Please e-mail it to me too at [email protected] when you receive it.

thanks,


----------



## Bluekayak

tobeeepe said:


> qms006 said:
> 
> 
> 
> Anyone have a copy of Dr. Kenneth Kaiser's practice test? http://www.kettering.edu/~kkaiser/pe.pdf
> I have sent him an email requesting it with the info that he asks for in his pdf. But don't know how long it might take to get it back from him. Just wondering if anyone could shoot me a copy. I would like to go through it before Friday.
> 
> 
> 
> 
> Are you looking for answers? The questions are posted at the link.
> 
> if you need the answers, post your email. I can send them.
Click to expand...

Could you email the solutions to me?


----------



## gobblerhuntr

Would someone email me the solutions also please?

[email protected]


----------



## Jiggalolo

I have the solutions to Dr. Kaiser's sample exam, but does it really apply to the new exam format now? Is he not collecting info about students anymore?


----------



## Zaher

alexpsu88 said:


> alexpsu88 said:
> 
> 
> 
> I am also having troubles getting the solutions. Could either email solutions to [email protected]
> Thank you,
> 
> Kevin
> 
> 
> 
> 
> Thank you all. I got the solutions from three different sources. Thank you everyone for taking time to forward them on.
> 
> Kevin
Click to expand...

Kevin,

Would you please email me the solutions too at [email protected]

Thanks


----------



## rshankle PE

Hi,

I'm happy to have found these sample problems and would also appreciate the solutions sent to me.
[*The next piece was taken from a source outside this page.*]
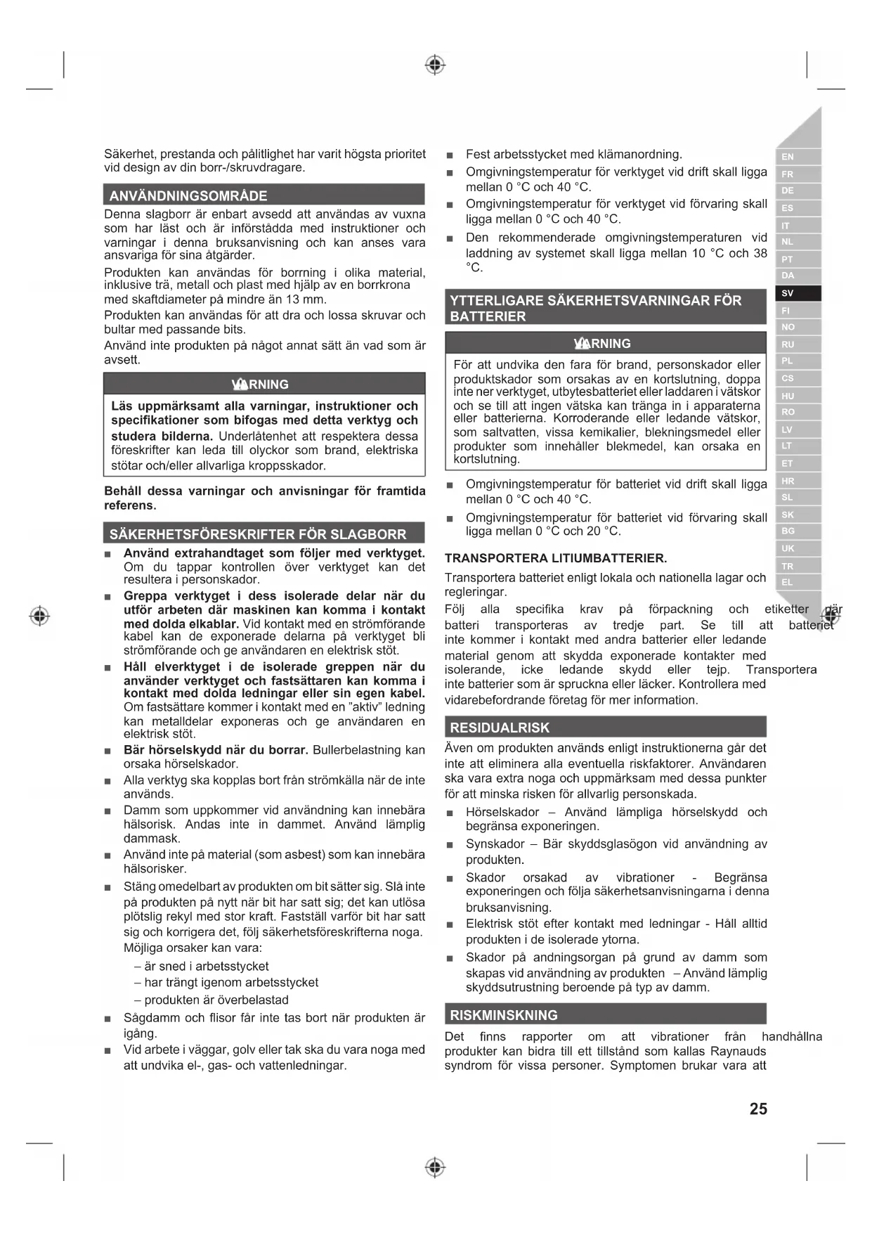 i kontakt med plastdelar. Dessa ämnen innehåller kemiska produkter som kan skada, försvaga eller förstöra plasten. Ŷ Använd alltid skyddsglasögon när du använder verktyget eller när du blåser damm. Använd en ansiktsmask om det dammar mycket. Ŷ För säkerhet och pålitlighet ska alla reparationer utföras av auktoriserat reparationscenter. SMÖRJNING Alla lager i produkten har smorts med tillräcklig mängd K|JNODVVLJ VP|UMPHGHO I|U SURGXNWHQV OLYVOlQJG XQGHU normala driftsförhållanden. Därför behövs ingen ytterligare VP|UMQLQJ MILJÖSKYDD Råmaterialen ska återvinnas i stället för att NDVWDVL KXVKnOOVDYIDOOHW)|U DWWVNRQD PLOM|Q ska verktyget, tillbehören och emballagen sorteras. E-TORQUE E-TORQUE CONTROL är en teknik som automatiskt VNUXYDULQGHÀHVWDVNUXYDULQLYnPHG\WDQ 1lUGHQEH¿QQHUVLJLDXWRPDWLVNWVNUXYGUDJDUOlJHVWDQQDU ERUUHQ QlU VNUXYHQ lU MlPV PHG \WDQ 2P VNUXYHQ VND VNUXYDVLGMXSDUHIRUWVlWWDWWWU\FNDSnDYWU\FNDUHQ%RUUHQ E|UMDUXWI|UD VPn URWDWLRQHUPHG PnWWOLJ KDVWLJKHW6OlSS DYWU\FNDUHQQlUGHW|QVNDGHGMXSHWKDUQnWWV Vid användning av E-TORQUE CONTROL är det viktigt att säkerställa att skruven är korrekt placerad och inte glider av skruvhuvudet. Om skruvbiten är felaktigt monterad kam borren stanna i förtid för att förhindra skada på skruvhuvudet eller biten. Om detta händer, rikta om biten med skruvhuvudet och tryck in avtryckaren igen. NOTERA: E-TORQUE CONTROL fungerar med de ÀHVWD PDWHULDO RFK WLOOlPSQLQJDU PHQ GHW NDQ KlQGD DWW det inte fungerar med vissa material eller skruvar, t.ex. maskinskruvar eller plastgängor. SYMBOLER Säkerhetsvarning 26 | SvenskaCE-överensstämmelse V Volt Likström min

Please send to: [email protected]

thanks much!


----------



## rshankle PE

Sparrow said:


> Hi,
> I'm happy to have found these sample problems and would also appreciate the solutions sent to me.
> 
> Please send to: [email protected]
> 
> thanks much!



Never mind, I e-mailed the good Dr. directly (which I see was requested many replies ago.) thanks.


----------



## nmh0408

Hi Everyone,

Can someone email me these Sample Questions and their solutions to [email protected]

Thank You


----------



## rshankle PE

nmh0408 said:


> Hi Everyone,Can someone email me these Sample Questions and their solutions to [email protected]
> 
> Thank You



Hi,

I sent the request to Dr. Kaiser so he would have the information requested (Raleigh, NC). And received it today so he is pretty quick.

thanks,


----------



## rshankle PE

nmh0408 said:


> Hi Everyone,Can someone email me these Sample Questions and their solutions to [email protected]
> 
> Thank You


You can download the questions from: http://www.kettering.edu/~kkaiser/pe.pdf


----------



## nmh0408

Sparrow said:


> nmh0408 said:
> 
> 
> 
> Hi Everyone,Can someone email me these Sample Questions and their solutions to [email protected]
> 
> Thank You
> 
> 
> 
> You can download the questions from: http://www.kettering.edu/~kkaiser/pe.pdf
Click to expand...


Thank You. How about the answers?


----------



## rshankle PE

nmh0408 said:


> Sparrow said:
> 
> 
> 
> 
> 
> nmh0408 said:
> 
> 
> 
> Hi Everyone,Can someone email me these Sample Questions and their solutions to [email protected]
> 
> Thank You
> 
> 
> 
> You can download the questions from: http://www.kettering.edu/~kkaiser/pe.pdf
> 
> Click to expand...
> 
> 
> Thank You. How about the answers?
Click to expand...

Send e-mail to Dr. Kaiser he's pretty quick on the response. (His solutions are valuable, it gives more than just the answer, but how the problem was solved.)


----------



## wilheldp_PE

Sparrow said:


> Send e-mail to Dr. Kaiser he's pretty quick on the response. (His solutions are valuable, it gives more than just the answer, but how the problem was solved.)


Did you get a response from him recently? From some of the earlier posts in this thread, I was worried that he may no longer be responding to the requests (maybe like he retired or moved on from Kettering).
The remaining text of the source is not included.